> _Aim of the task_:
Print out each entry below in full, exactly as given, excluding pictures.

> _Stored items from a collection_:

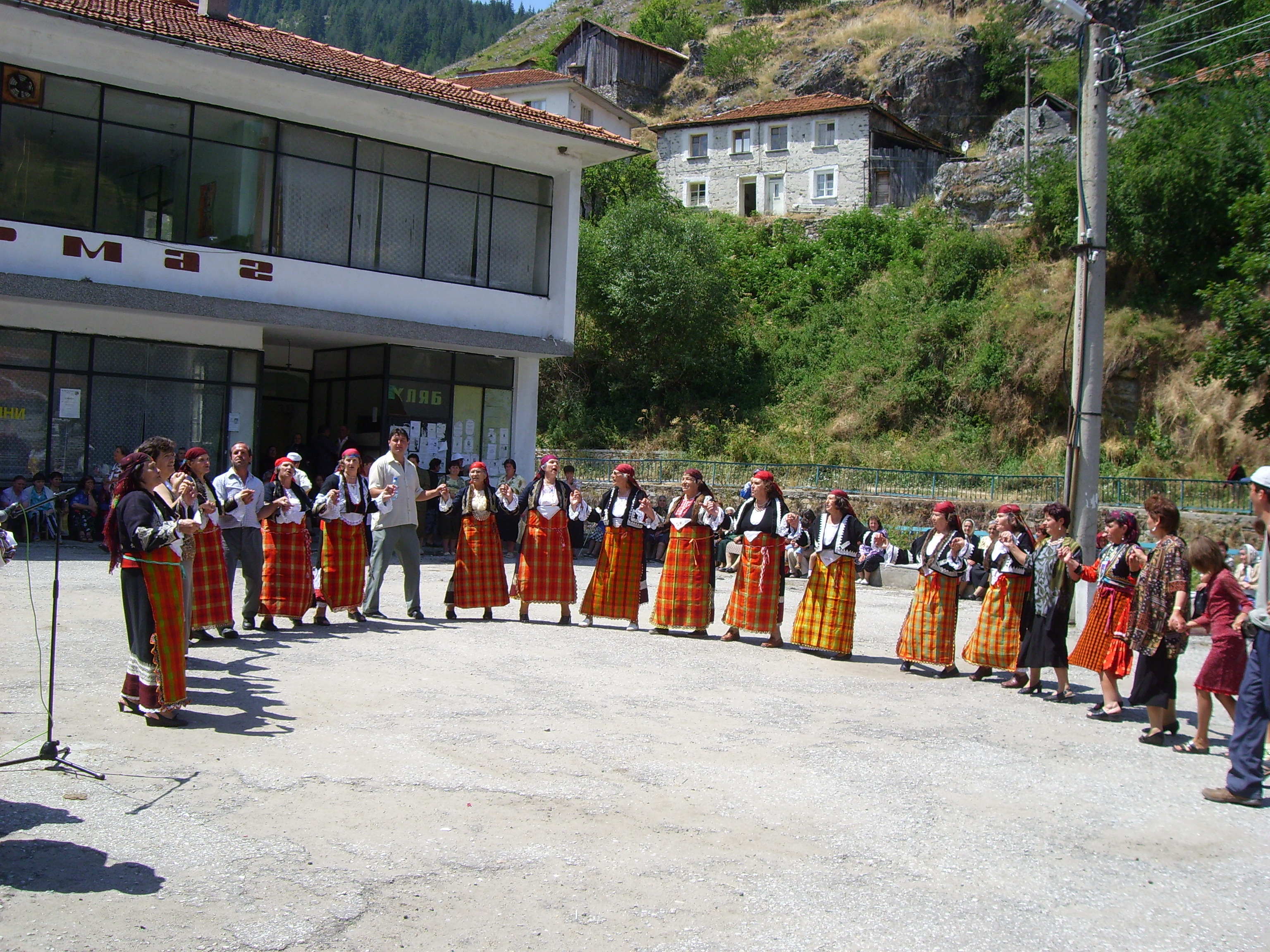 The village of Mugla.
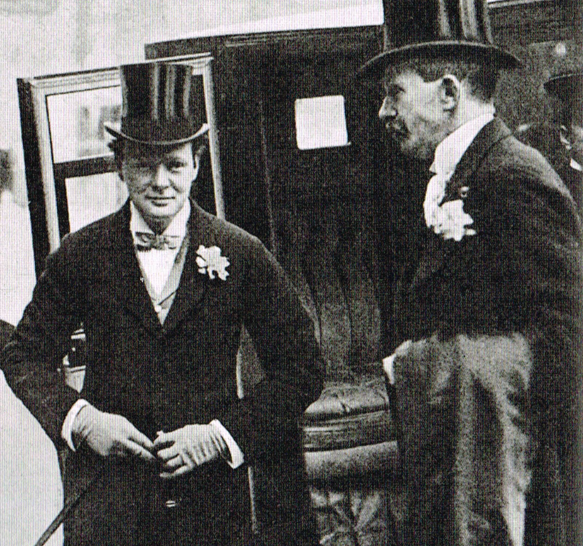 Churchill and Hugh Cecil wedding day
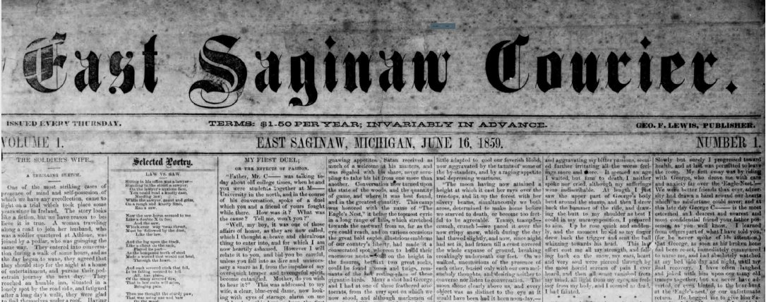 East Saginaw Courier newspaper V1 No1 first issue
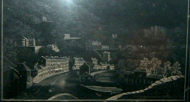 Matlock Bath engraved on Asford Black Marble by Ann Rayner and now in Buxton Museum
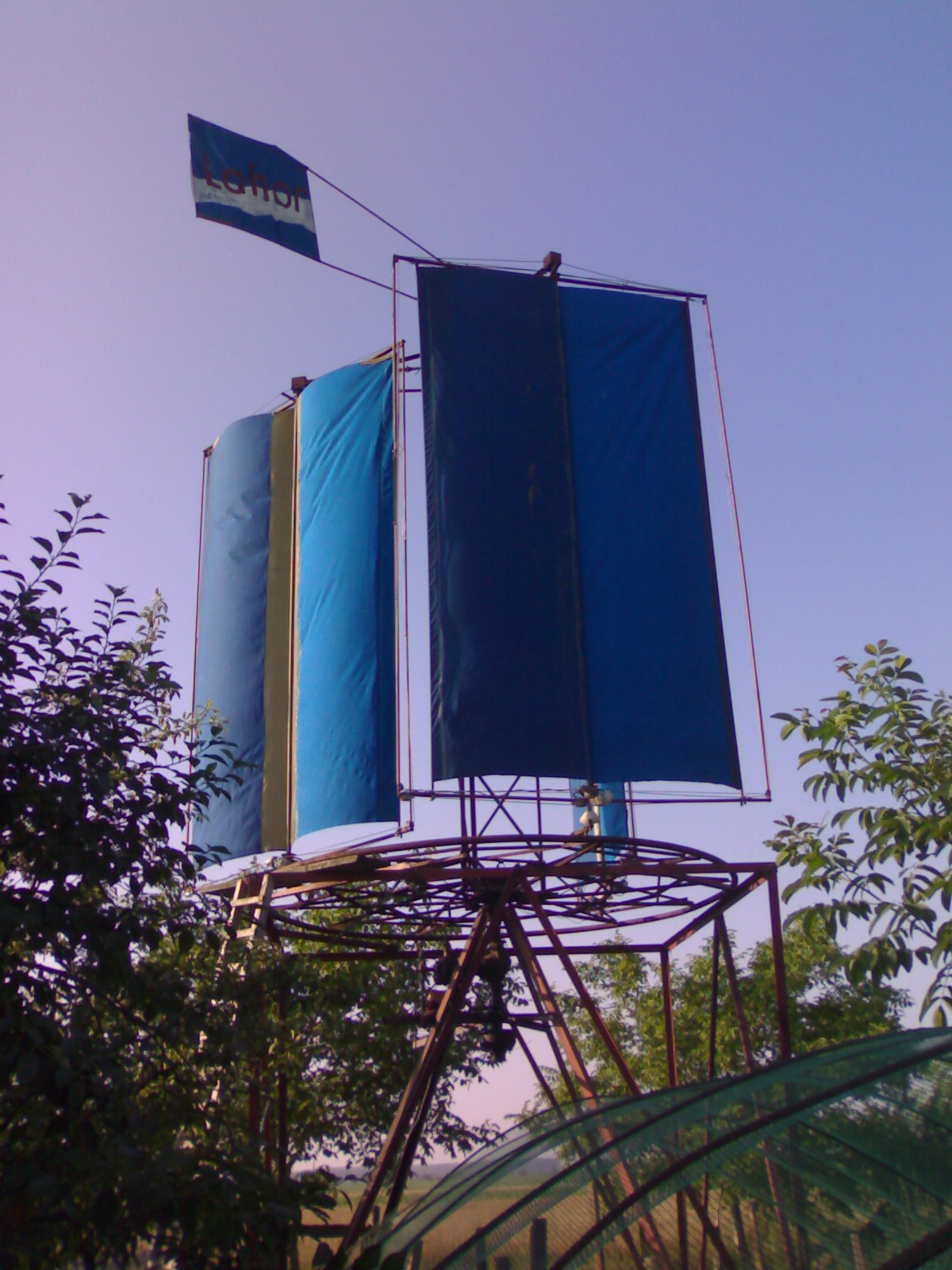 windmill with rotational sails
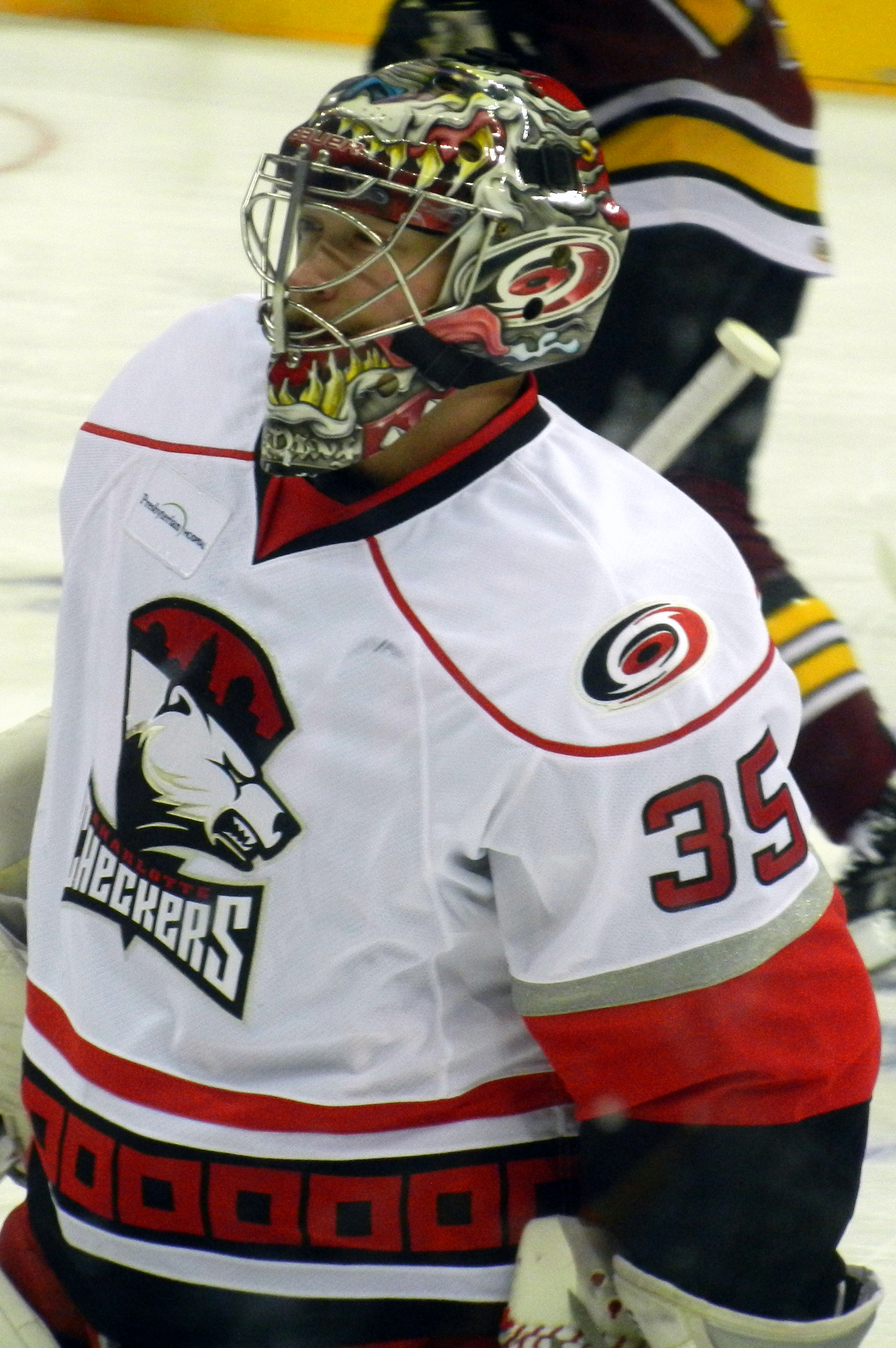 Justin Peters playing for the Charlotte Checkers during the 2012-13 season
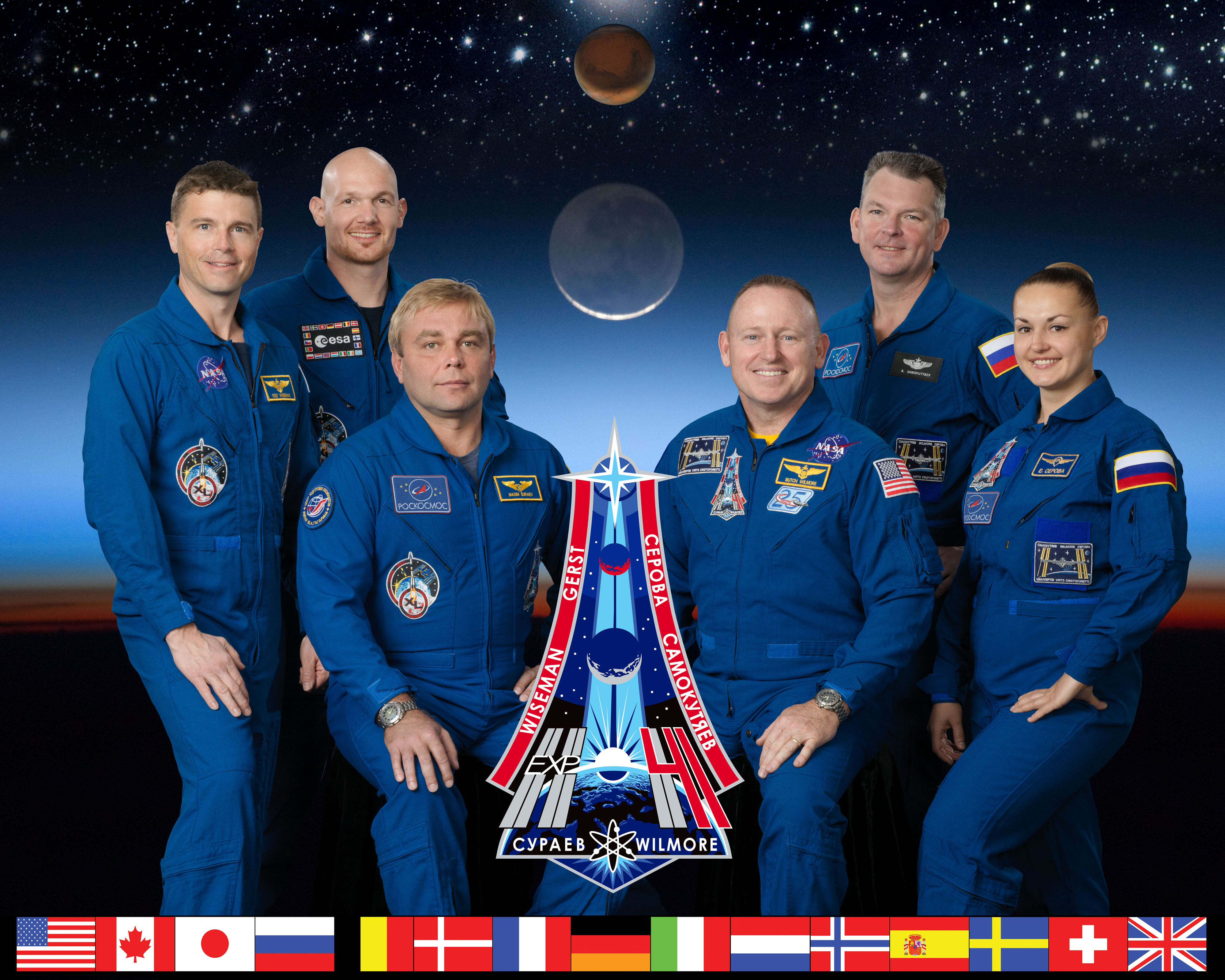 Expedition 41 crew members take a break from training at NASA's Johnson Space Center to pose for a crew portrait. Pictured on the front row are Russian cosmonaut Maxim Suraev (left), commander; and NASA astronaut Barry Wilmore, flight engineer. Pictured from the left (back row) are NASA astronaut Reid Wiseman, European Space Agency astronaut Alexander Gerst, Russian cosmonauts Alexander Samokutyaev and Elena Serova, all flight engineers.
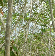 Vitex pinnata trees in Samboja Lestari
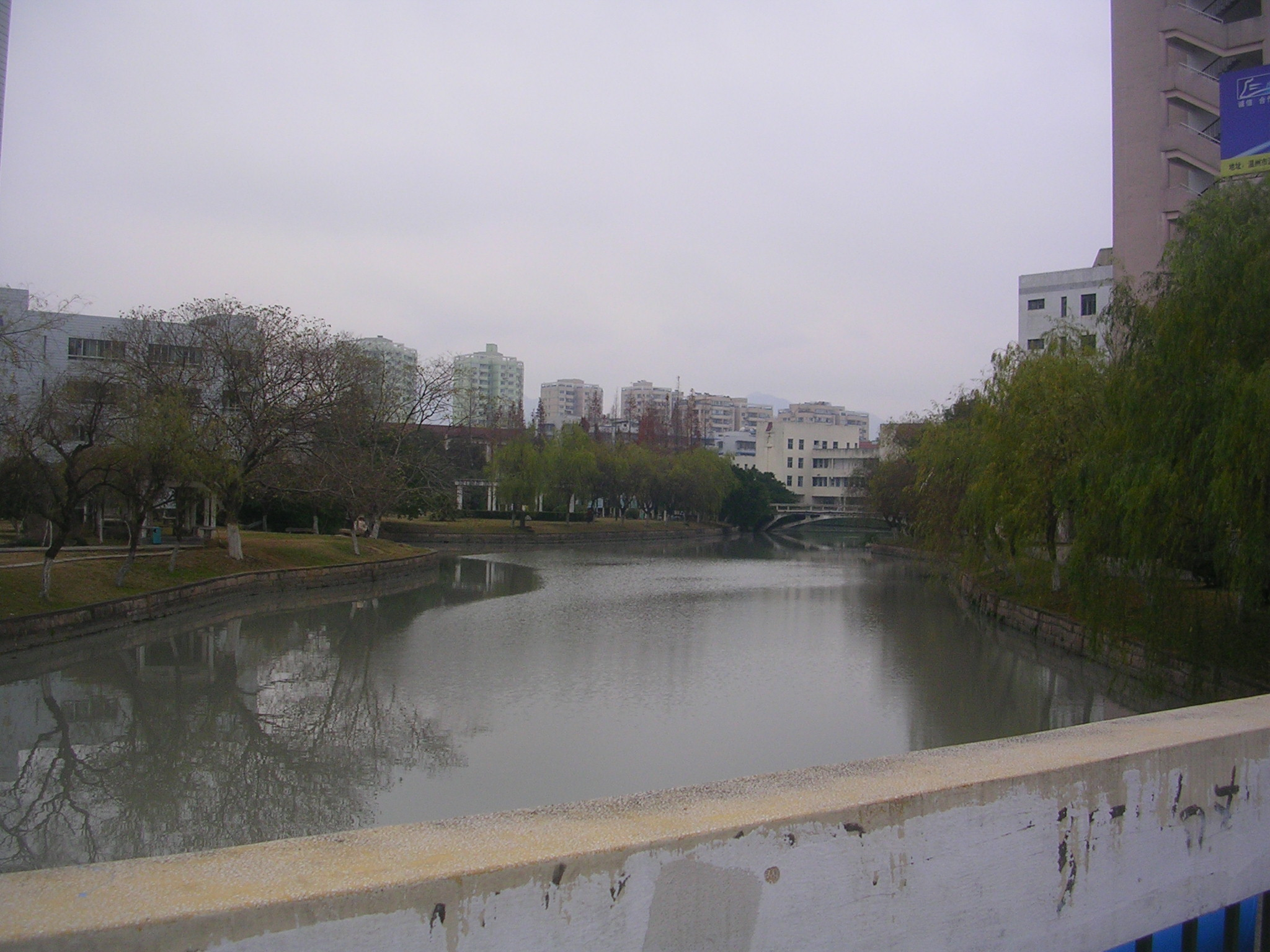 Photo from a bridge over the Lüpu River in Wenzhou. On the left bank is Wenzhou Normal University.

> _Answer box_:
 The village of Mugla.
 Churchill and Hugh Cecil wedding day
 East Saginaw Courier newspaper V1 No1 first issue
 Matlock Bath engraved on Asford Black Marble by Ann Rayner and now in Buxton Museum
 windmill with rotational sails
 Justin Peters playing for the Charlotte Checkers during the 2012-13 season
 Expedition 41 crew members take a break from training at NASA's Johnson Space Center to pose for a crew portrait. Pictured on the front row are Russian cosmonaut Maxim Suraev (left), commander; and NASA astronaut Barry Wilmore, flight engineer. Pictured from the left (back row) are NASA astronaut Reid Wiseman, European Space Agency astronaut Alexander Gerst, Russian cosmonauts Alexander Samokutyaev and Elena Serova, all flight engineers.
 Vitex pinnata trees in Samboja Lestari
 Photo from a bridge over the Lüpu River in Wenzhou. On the left bank is Wenzhou Normal University.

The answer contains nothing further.